Morphology
A medium sized carnivore, with unique adaptations to life in Afroalpine habitats and an exclusive small mammal diet
The legs of an Ethiopian wolf are strikingly long and slender, seemingly suitable for coursing in open country. The muzzle is long, and the small, well-spaced teeth suggest morphological adaptation to feeding on rodents. The ears are pointed and broad, their dorsal surface red fringed with long white hairs growing inward from the edge
The adult pelage is soft and short, of a distinctive bright tawny rufous colour with a dense whitish to pale ginger underfur. The throat, chest, a band around the ventral part of the neck, the underparts and inside of limbs are white, with the outline between the red coat and the white markings sharp and well defined. The tail is a thick black brush with the proximal third white underneath.
Male Ethiopian wolves are significantly larger than females (average 16 kg compared with 13 kg).
Foraging ecology
Ethiopian wolves forage alone, and closely map the above-the-ground activity of rodents
Ethiopian wolves live in close-knit territorial packs but they forage and feed alone on small prey. Wolves are most active during the day with peaks of foraging activity synchronized with the activity of rodents above the ground (Sillero-Zubiri & Gottelli, 1995a; Sillero-Zubiri et al., 1995a and b). Occasionally small packs chase and kill young antelopes, lambs, and hares. Wolves will also take carrion, but dogs and jackals tend to monopolize carcasses (Sillero-Zubiri & Gottelli, 1995a).
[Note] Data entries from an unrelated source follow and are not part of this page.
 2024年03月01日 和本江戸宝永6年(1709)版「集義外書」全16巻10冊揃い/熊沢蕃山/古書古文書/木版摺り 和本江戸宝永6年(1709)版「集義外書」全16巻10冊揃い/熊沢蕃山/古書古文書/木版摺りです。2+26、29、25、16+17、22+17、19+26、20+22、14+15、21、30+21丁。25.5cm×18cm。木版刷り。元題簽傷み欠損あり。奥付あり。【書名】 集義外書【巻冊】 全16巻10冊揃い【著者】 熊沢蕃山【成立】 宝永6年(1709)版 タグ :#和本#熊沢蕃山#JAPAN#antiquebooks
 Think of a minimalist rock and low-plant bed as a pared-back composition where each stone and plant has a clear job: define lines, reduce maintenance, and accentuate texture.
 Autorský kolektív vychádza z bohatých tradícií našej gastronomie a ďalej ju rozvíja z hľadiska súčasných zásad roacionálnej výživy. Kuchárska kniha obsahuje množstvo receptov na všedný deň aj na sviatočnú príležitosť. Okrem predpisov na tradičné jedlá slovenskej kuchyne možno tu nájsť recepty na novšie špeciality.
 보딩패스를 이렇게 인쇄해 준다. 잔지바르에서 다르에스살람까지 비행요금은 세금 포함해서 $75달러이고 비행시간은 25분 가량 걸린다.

In the Bale Mountains they feed almost exclusively upon diurnal small mammals -mainly giant molerats (Tachyoryctes macrocephalus), a Bale endemic, and grass rats Arvicanthis blicki , and Lophuromys melanonyx (Sillero-Zubiri & Gottelli, 1995a; Sillero-Zubiri et al., 1995a). Elsewhere, the giant molerat is replaced in the diet by the smaller common molerat, T. splendens (Ashenafi et al., 2005), but in some areas wolves depend entirely on small rats, particularly Otomys typus and Arvicanthis abyssinicus (Marino et al., 2010).
Social organization
Wolf family packs are cohesive and hierarchical - all individuals help defend a communal territory
Ethiopian wolves live in discrete and cohesive social family packs that communally share and defend an exclusive territory. They congregate for greetings and border patrols at dawn, noon and evenings, and rest together at night in the open. Hierarchies within packs well established with frequent displays of dominance and subordination.
Dispersal is tightly constrained by the scarcity of suitable unoccupied habitat. Groups are formed by delayed dispersal of young males and a few females which, apart from those in the dominant position, are largely reproductively suppressed (Sillero-Zubiri & Gottelli, 1995b; Sillero-Zubiri et al., 1996). Breeding females typically are replaced after death by a resident daughter.
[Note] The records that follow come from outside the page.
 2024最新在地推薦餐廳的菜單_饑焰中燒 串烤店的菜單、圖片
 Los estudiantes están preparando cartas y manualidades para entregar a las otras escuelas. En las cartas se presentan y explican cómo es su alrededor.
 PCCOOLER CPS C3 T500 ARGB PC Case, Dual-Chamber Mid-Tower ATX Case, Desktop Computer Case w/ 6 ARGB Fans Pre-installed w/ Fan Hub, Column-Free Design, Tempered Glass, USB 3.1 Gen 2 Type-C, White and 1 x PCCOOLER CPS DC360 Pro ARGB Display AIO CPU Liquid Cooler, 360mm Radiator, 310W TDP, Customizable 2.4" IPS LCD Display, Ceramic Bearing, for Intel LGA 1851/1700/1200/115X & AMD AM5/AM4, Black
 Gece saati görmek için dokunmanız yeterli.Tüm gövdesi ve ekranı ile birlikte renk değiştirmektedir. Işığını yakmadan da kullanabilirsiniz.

In optimal habitats family groups can contain up to 20 wolves older than one year, but most commonly around six, with an average communal territory of 6km². Larger packs defend larger territories, and packs would expand whenever the opportunity arises. Typically a mosaic of stable territories is formed that occupies all available.
When packs conduct border patrols, they scent-mark regularly and engage in aggressive interactions if they meet a neighbouring pack. These are highly vocal, ending with the smaller group fleeing (Sillero-Zubiri, 1994; Sillero-Zubiri & Macdonald, 1998).
Reproduction
Typically only the alfa female in each pack breeds, mating is locally synchronized and extra-pack copulations not uncommon
The receptive period of females to mating is locally synchronized. In the Bale Mountains typically to less than two weeks, sometime between August and November (Sillero-Zubiri et al., 1998). Courtship primarily involves the dominant male accompanying the dominant female constantly. The female discourages attempts from all but the pack's dominant male, but she is receptive to any visiting male from neighbouring packs (Sillero-Zubiri et al., 1996).
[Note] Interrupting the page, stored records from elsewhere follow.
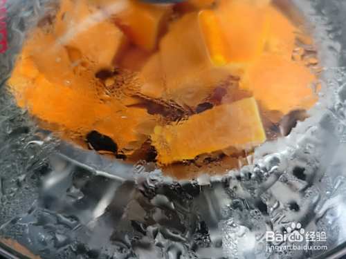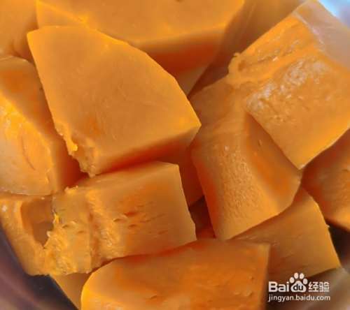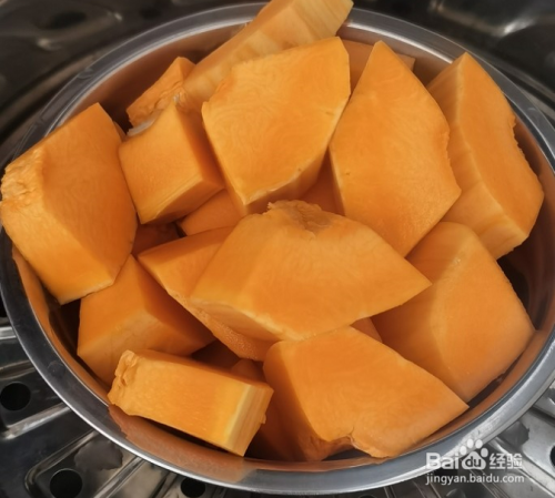 南瓜洗净切块,大小适中,装入浅底的盘中,平铺开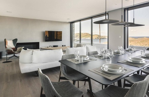 The upper level is home to the pool area with a heated infinity pool, with sun beds and shaded lounge areas, from where you can enjoy the unobstracted sea views. There is also a corner bar.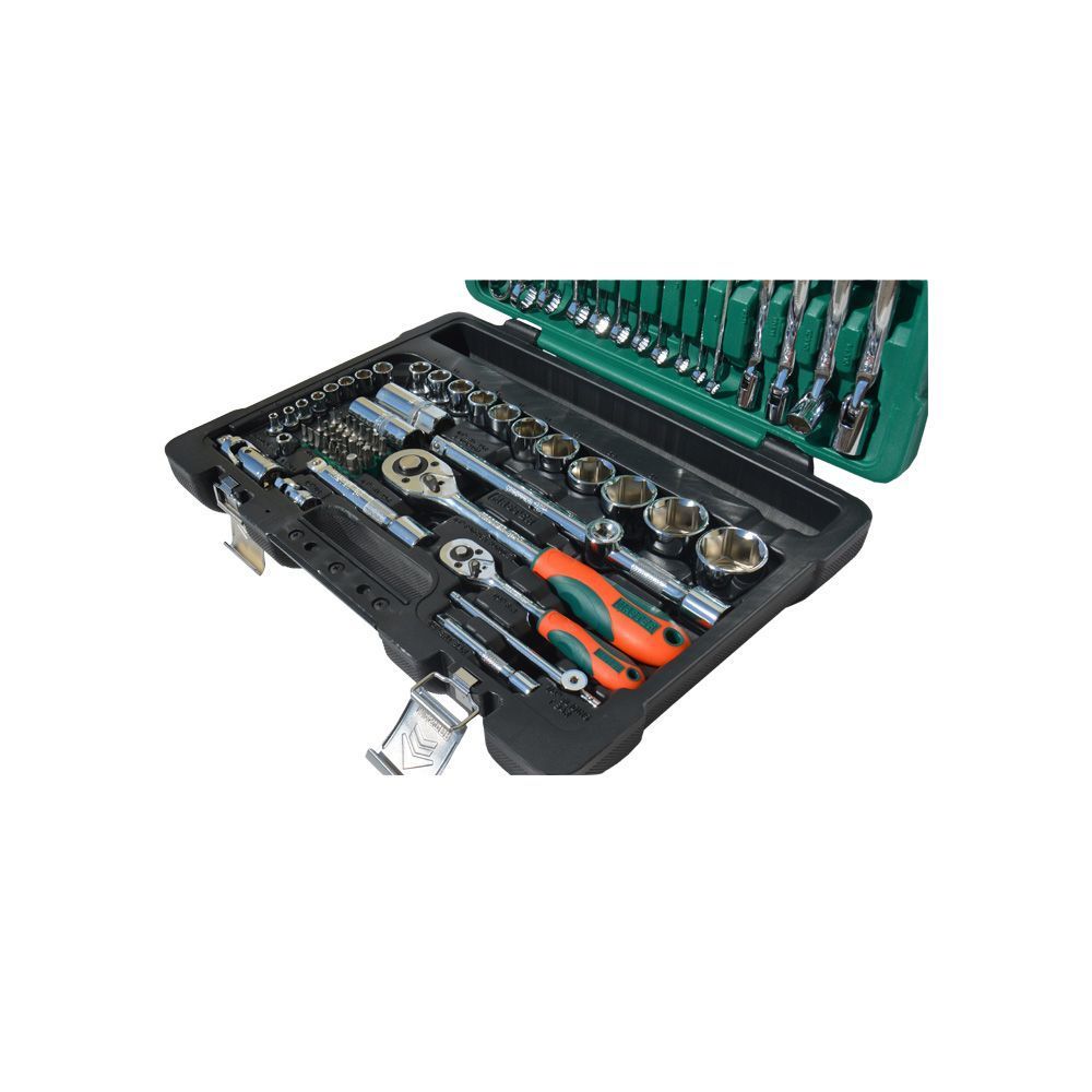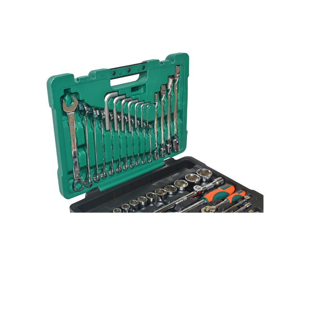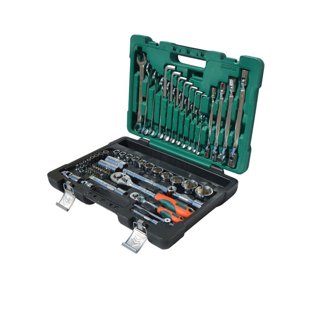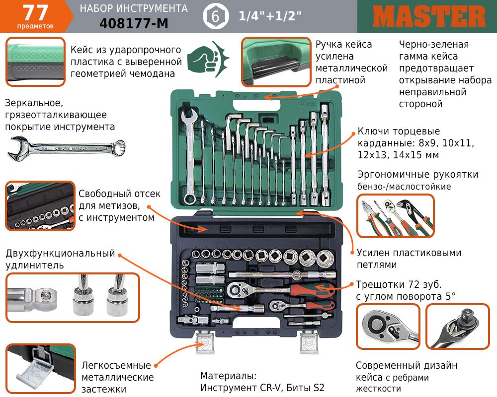 Набор инструментов 77 предметов включает в себя основной комплект автомобильных инструментов. За счет комбинированных ключей набор инструмента 77 предмета может использоваться, как профессиональный набор инструментов для автомобиля (набор инструментов для авто в чемодане), так и универсальный набор инструментов для дома. Высокое качество исполнения набора инструментов для авто позволяет использовать инструмент при профессиональном ремонте автомобилей в условиях высоких нагрузок. За счет своей надежности инструмент может использоваться в автосервисе, в автомастерской, на СТО и т. д. Набор инструмента 1/4, 1/2 дюйма с 6-гранными головками.

Breeding females typically are replaced after death by a resident daughter, resulting in a high potential for inbreeding, to some extent circumvented by extra-pack copulations and multiple-paternity (Gottelli et al., 1994; Sillero-Zubiri et al., 1996; Randall et al., 2007).
Gestation lasts from 60-62 days and the dominant female of each pack may give birth once a year between October and December (Sillero-Zubiri et al., 1996). During the breeding season the pups and nursing females use a den. Up to seven pups may emerge from the den after three weeks.
All pack members guard the den, chase potential predators, and regurgitate or carry rodent prey to feed the pups. Subordinate females may assist the dominant female in suckling the pups (Sillero-Zubiri, 1994; Sillero-Zubiri et al., 2004).
By week 10, the pups subsist almost entirely on solid foods supplied by helpers, and they stop receiving food from adults when they are around one year old. Full adult appearance is attained at two years and both sexes become sexually mature during their second year.